Kelela's 'Sims'-Like "Frontline" Video Explores Pain In an Unexpected Way

As with all the other videos for songs from 'Take Me Apart' so far, it shows a new artistic side of Kelela.
Lauren O'Neill
London, GB

Kelela's an exceptionally strong artistic presence in music, both visually and sonically. That's something you hear deeply on her debut studio album Take Me Apart, which came out last year. You also see it very clearly in all of the visuals she's released in support of that record so far too.

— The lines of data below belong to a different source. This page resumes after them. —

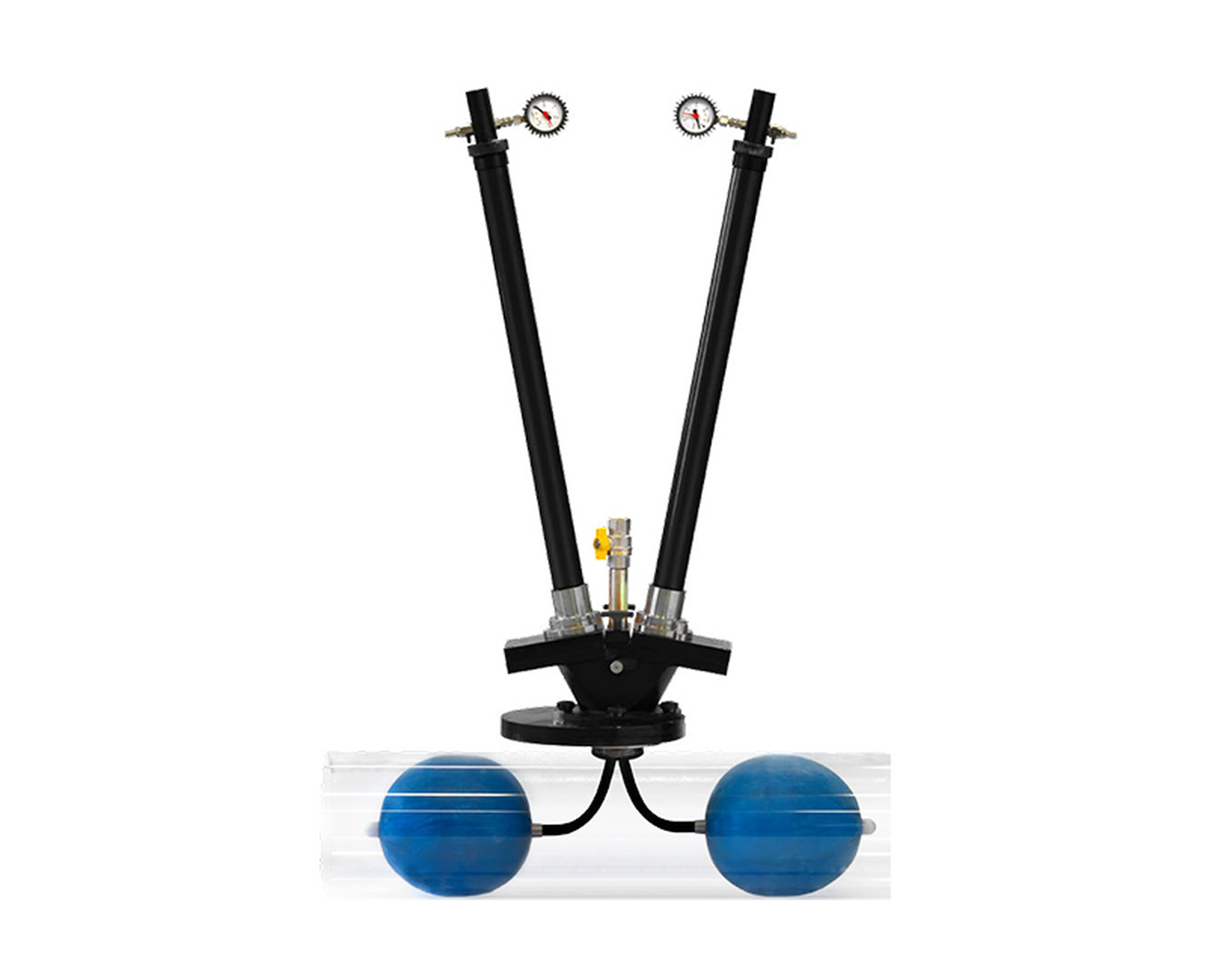- Možnosť využitia centrálnej vodiacej rúrky ako prieduchu alebo na takzvaný „hydraulický chránič“, teda privádzanie vody medzi dva balóny na vytvorenie bezpečnej bariéry s plynom na oceľových rúrach.
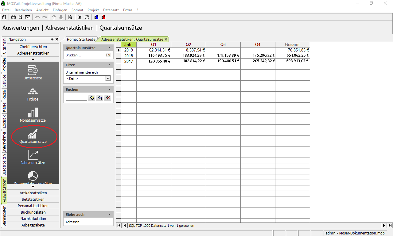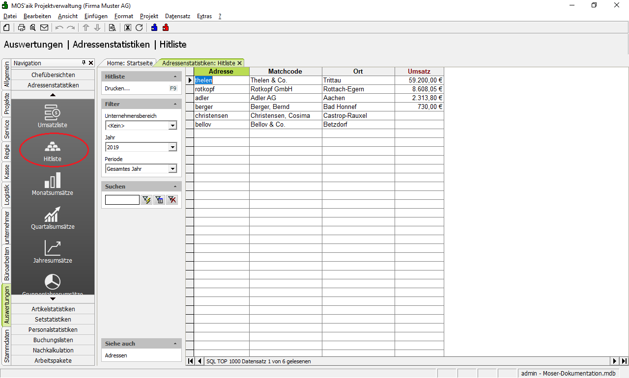 Hitliste Die Hitliste zeigt Ihnen die Umsatzzahlen zu Ihren Kundenadressen für einen ausgewählten Zeitraum (Gesamtes Jahr, Quartal, Monat) eines Jahres an. |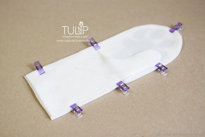 Начнем работу с соединения деталей задней, ладонной стороны варежек. Первым делом необходимо сформировать пальчик. Для этого складываем детали лицевыми сторонами друг к другу, как показано на фото и скрепляем булавками или клипсами. Обратите внимание на метку, ее обязательно нужно с выкройки перенести на материал. Прокладываем строчку. Конец строчки должен быть как раз на метке.

Where "LMK" embraced partying and "Blue Light" was beautiful and surreal, she's taken yet another direction for her "Frontline" video, which tells its story via animation, which is specifically reminiscent of everybody's favorite early aughts human simulation computer game, 'The Sims.'

According to Rolling Stone, the concept for the visual was developed by Kelela and Mischa Notcutt, with animation by Claudia Matè. It follows a Sim likeness of Kelela (amazing outfits and all) through a breakup, and in a statement issued to Rolling Stone about the video, Kelela said:

With this Sims-like video, I was able to tell my story in a light-hearted but dramatic way. It's about leaving your ex with the wind in your hair while acknowledging a curiously complex feeling of pain that he has left you for a white woman.

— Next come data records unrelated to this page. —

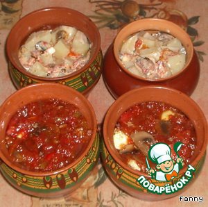 В 2 горшочка выложить: лук, морковь, чеснок, половину картошки, мясо, порезанные помидоры и перец, оставшуюся картошку.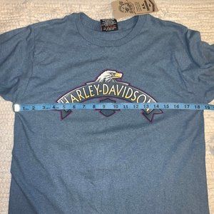 BRAND NEW WITH TAG HARLEY TEE IN GREAT SHADE OF DENIM BLUE. MEASUREMENTS IN PHOTOS.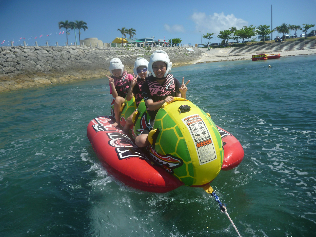 幅広く楽しめる、マリンアクティビティーです。バナナボート・チュービング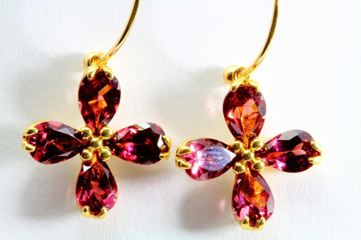 艶やかな輝きを放ちます。テリの見事なガーネットを片耳4ピース使い華やかに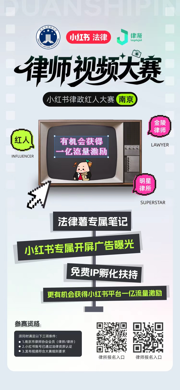 报名方式:请有意向参赛的律师事务所和律师扫描赛事报名二维码,填写参赛信息,按指引完成海选报名。参赛主体须提前完成小红书账号注册及律师职业认证。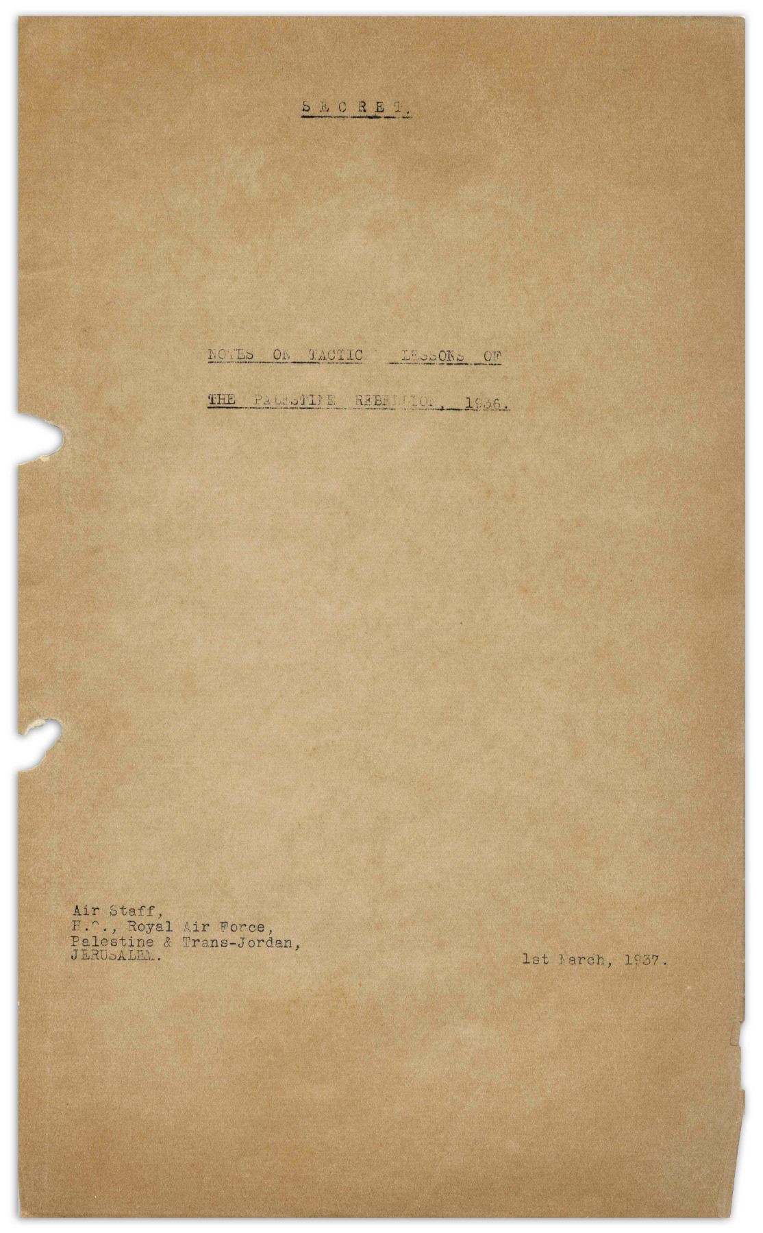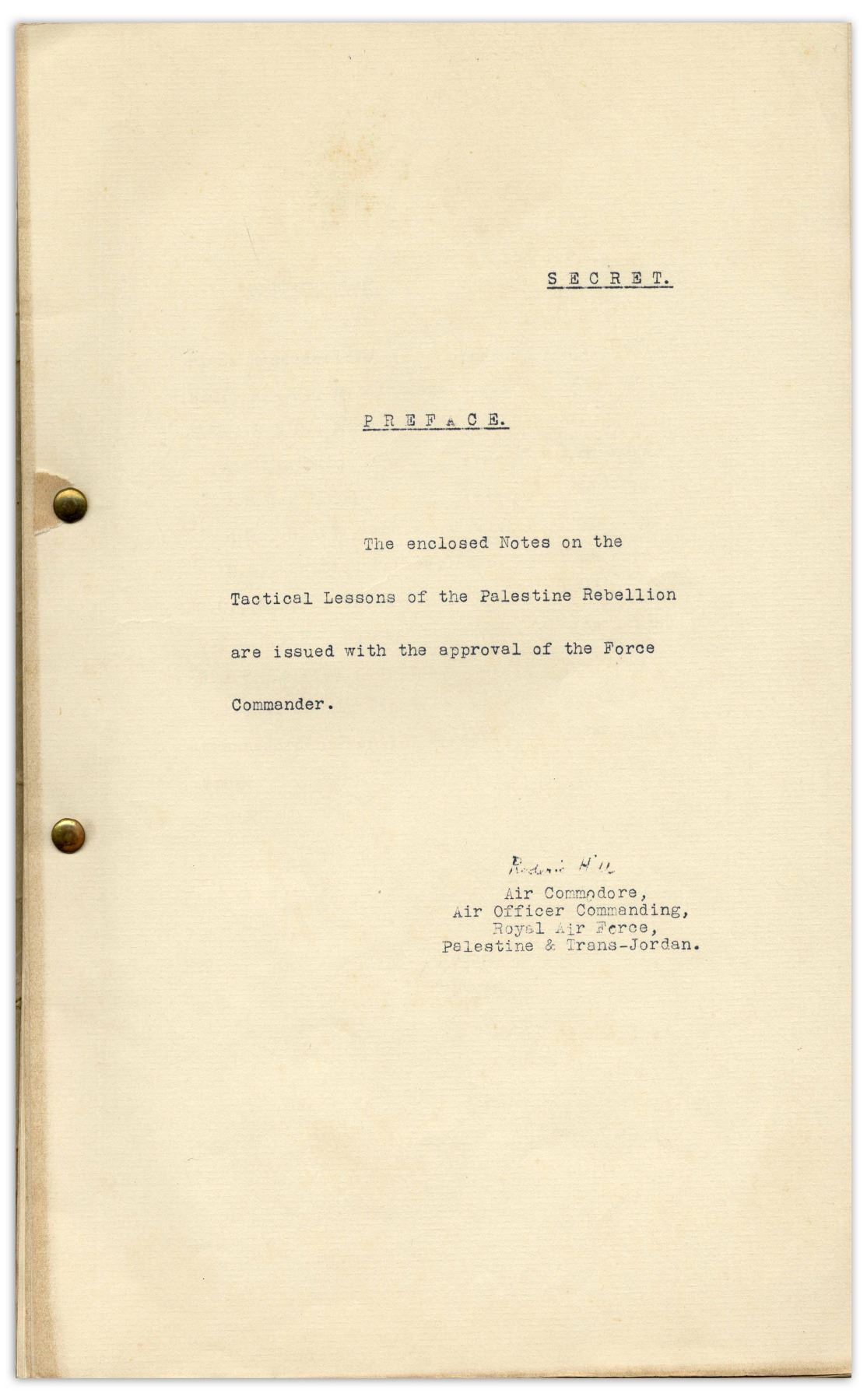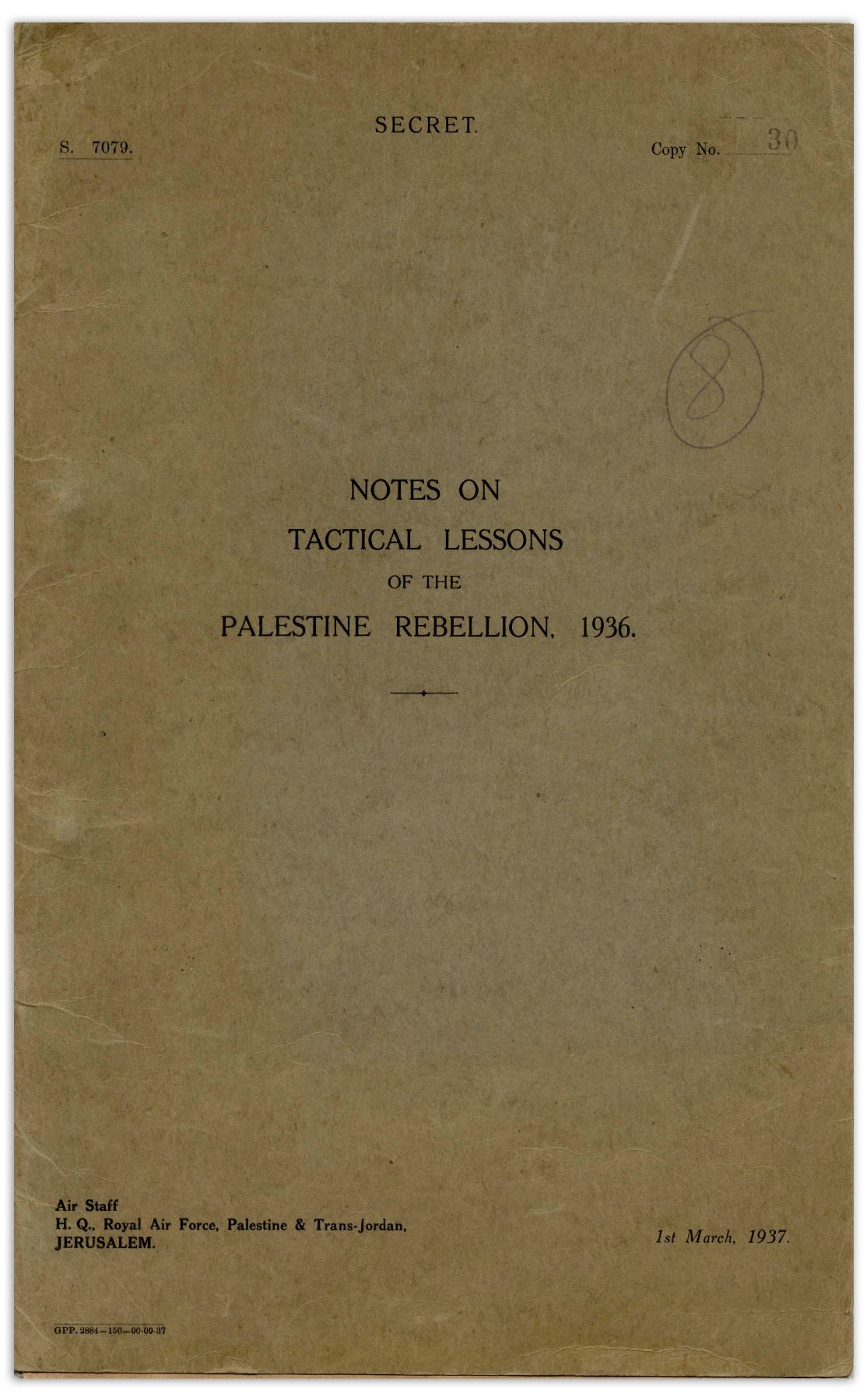 Intriguing publication published by the British Air Force, entitled ''Notes on Tactical Lessons of the Palestine Rebellion, 1936''. Jerusalem: Air Staff, H.Q., Royal Air Force, Palestine & Trans-Jordan, March, 1937. Booklet, marked ''SECRET'', was published in response to the 1936 Arab Revolt, which lasted until 1939 (named ''The Great Arab Revolt'') in part because of the perceived response by the British government to the early insurgency, outlined here. 18pp. booklet gives tactical directives to British pilots in response to the insurgency, described as ''armed bands and saboteurs in hill country and rural districts, directed against the civil organization, armed forces, Jewish interests and road, rail and telegraph communications.'' Air tactics are presented including how to locate and hit the enemy with machine gun and bomb attacks. The last section of the booklet outlines various attacks by Arab groups in Palestine during the summer of 1936. Measures 8.25'' x 13''. First page detached from two brads binding the document. Light toning and wear with pencil mark to cover. Very good condition.

As Kelela notes, it's complicated subject matter, which makes her decision to present the narrative in this way even more fascinating. There are a lot of ways you can interpret it: perhaps it's a comment on transcending the seemingly set ways in which we interact, or about the way that we can control our own behaviour (as a player might control their Sims), but ultimately not that of others. Maybe it's neither. The beauty of Kelela's art is that it offers so many rich possibilities.